◆ **Problem details**:
Give a faithful, exact copy of all entries, minus the images.

Stored items from a collection:
▶
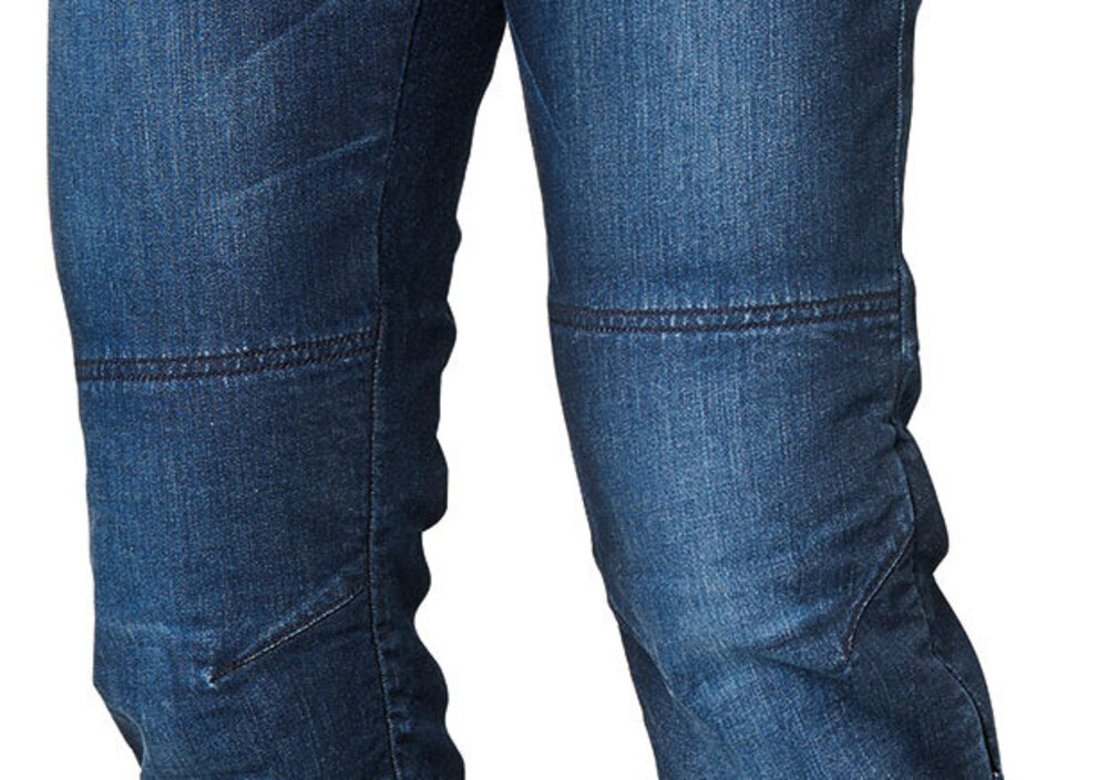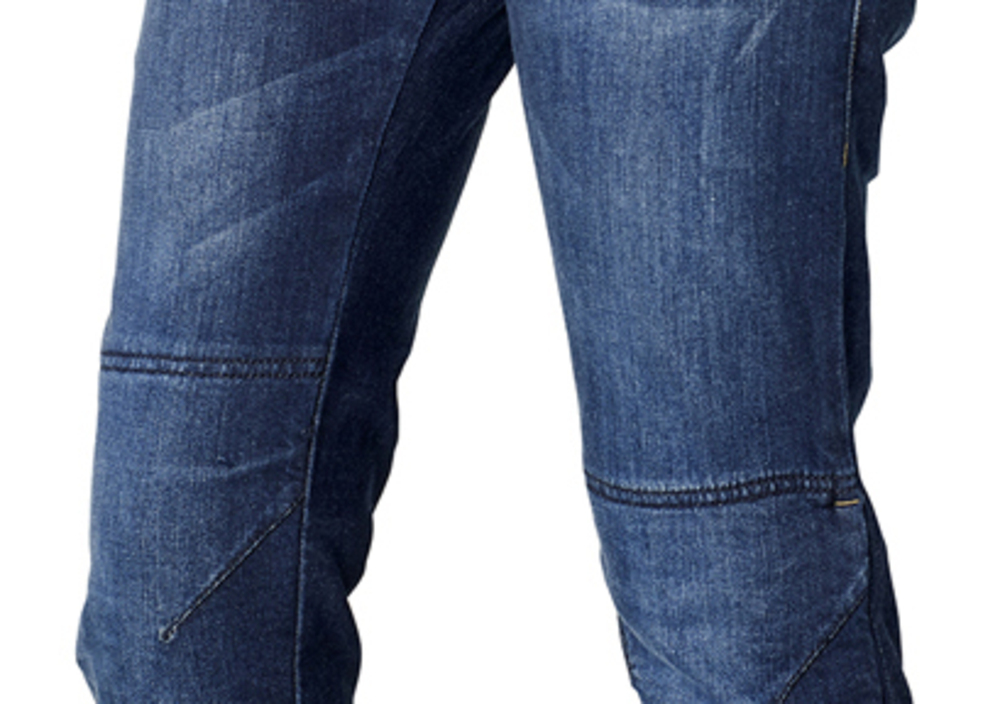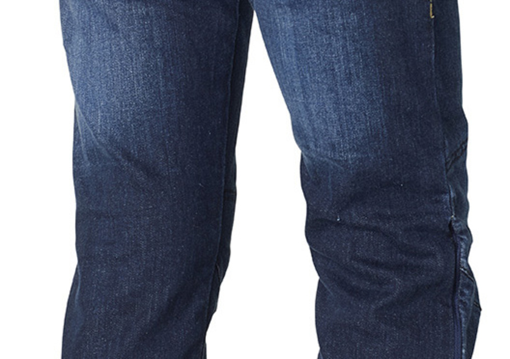 Salta subito agli occhi l'effetto invecchiato del cotone, e poi il taglio, che rappresenta il giusto compromesso tra le esigenze di comfort di chi sta in sella molte ore e chi vuole un pantalone di tendenza.
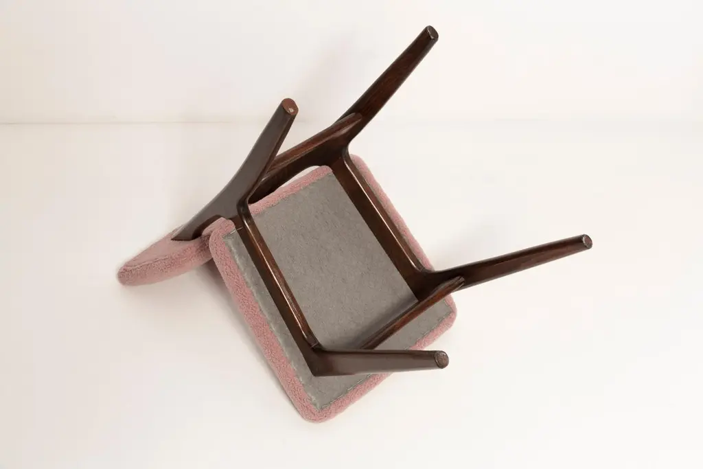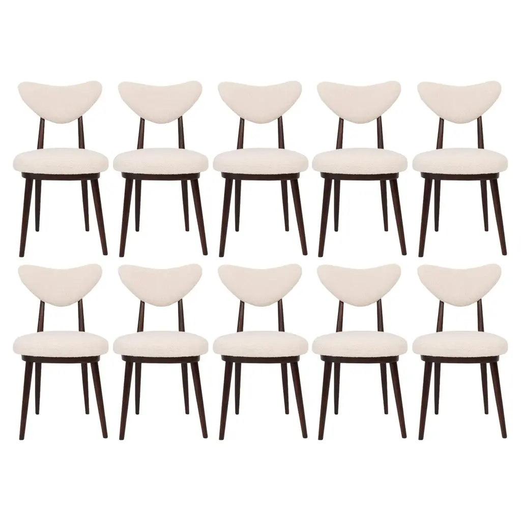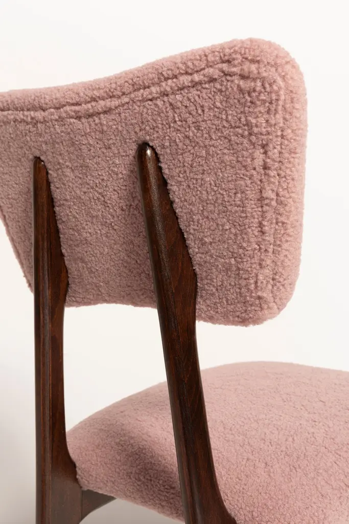 Dining chair called "Butterfly" with dark wenge stained beech legs and fully upholstered seat and back in beautiful boucle italian fabric (color number 03). This chair can be customized to your specifications or COM. Wood, stain, finish, fabric and custom dimensions options are available. Check the last picture with boucle color samples. This is vintage chair after professional renovation. Designed in 1960s in Poland. Here option of 8 chairs in a set. You can buy also more or less chairs if You need.
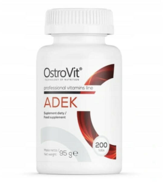 Az OstroVit ADEK egy étrend-kiegészítő, amely zsírban oldódó vitaminok forrása, mint például az A-vitamin, a D-vitamin és az E- vagy K-vitamin. Ez egy átfogó, kiváló minőségű készítmény, amely értékes étrend-kiegészítő. Zsírban oldódó vitaminok forrása - A készítmény 800 ug A-vitamint, 2000 NE D-vitamint, valamint 12 mg E-vitamint és 75 ug K-vitamint tartalmaz. 1
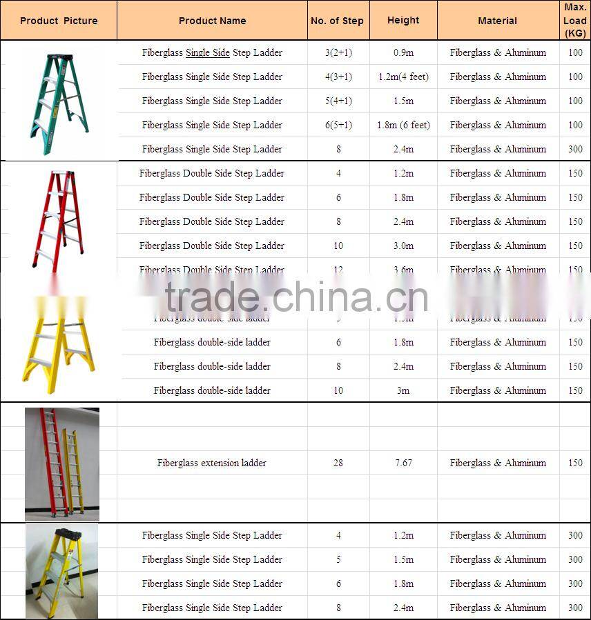 | Fiberglass extension ladder | 28 | 7.67 | Fiberglass & Aluminum | 3mm | 30cm | 150 | 23 |
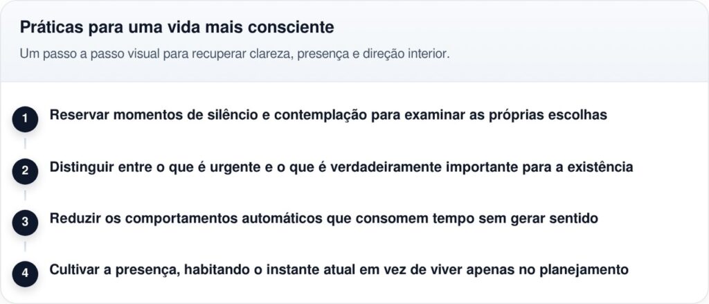 A filosofia não exige que vivamos em urgência permanente ou que transformemos cada minuto em produtividade. Sêneca propõe algo mais sutil e mais profundo, que usemos o tempo com intenção. Algumas práticas alinhadas a esse pensamento filosófico são:
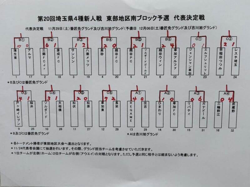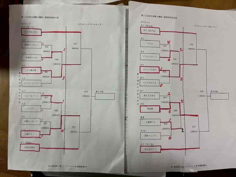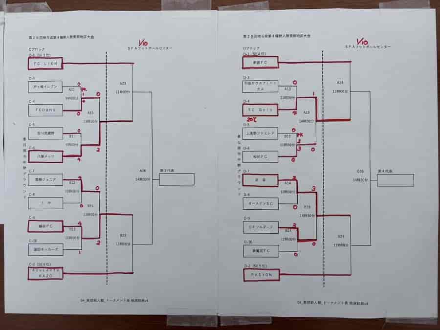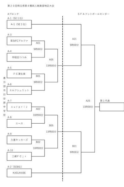 ABCDブロックに分かれてトーナメント戦。ブロック代表が県大会。
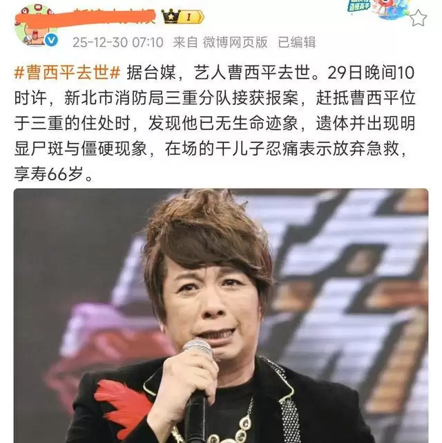 12月30日,娱乐圈知名艺人曹西平家中去世的消息冲上热搜。
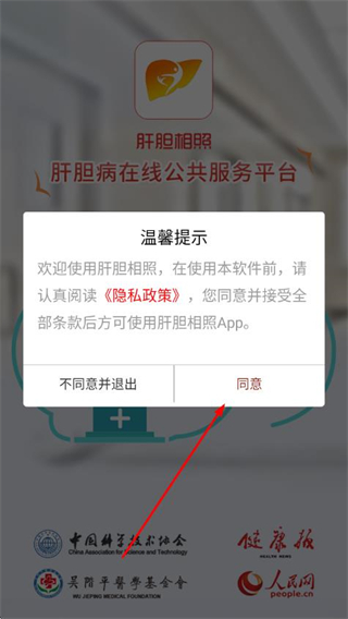 1、打開肝膽相照專家版APP,在溫馨提示頁面點(diǎn)擊同意。
◀
◆ **Response to the task**:
 Salta subito agli occhi l'effetto invecchiato del cotone, e poi il taglio, che rappresenta il giusto compromesso tra le esigenze di comfort di chi sta in sella molte ore e chi vuole un pantalone di tendenza.
 Dining chair called "Butterfly" with dark wenge stained beech legs and fully upholstered seat and back in beautiful boucle italian fabric (color number 03). This chair can be customized to your specifications or COM. Wood, stain, finish, fabric and custom dimensions options are available. Check the last picture with boucle color samples. This is vintage chair after professional renovation. Designed in 1960s in Poland. Here option of 8 chairs in a set. You can buy also more or less chairs if You need.
 Az OstroVit ADEK egy étrend-kiegészítő, amely zsírban oldódó vitaminok forrása, mint például az A-vitamin, a D-vitamin és az E- vagy K-vitamin. Ez egy átfogó, kiváló minőségű készítmény, amely értékes étrend-kiegészítő. Zsírban oldódó vitaminok forrása - A készítmény 800 ug A-vitamint, 2000 NE D-vitamint, valamint 12 mg E-vitamint és 75 ug K-vitamint tartalmaz. 1
 | Fiberglass extension ladder | 28 | 7.67 | Fiberglass & Aluminum | 3mm | 30cm | 150 | 23 |
 A filosofia não exige que vivamos em urgência permanente ou que transformemos cada minuto em produtividade. Sêneca propõe algo mais sutil e mais profundo, que usemos o tempo com intenção. Algumas práticas alinhadas a esse pensamento filosófico são:
 ABCDブロックに分かれてトーナメント戦。ブロック代表が県大会。
 12月30日,娱乐圈知名艺人曹西平家中去世的消息冲上热搜。
 1、打開肝膽相照專家版APP,在溫馨提示頁面點(diǎn)擊同意。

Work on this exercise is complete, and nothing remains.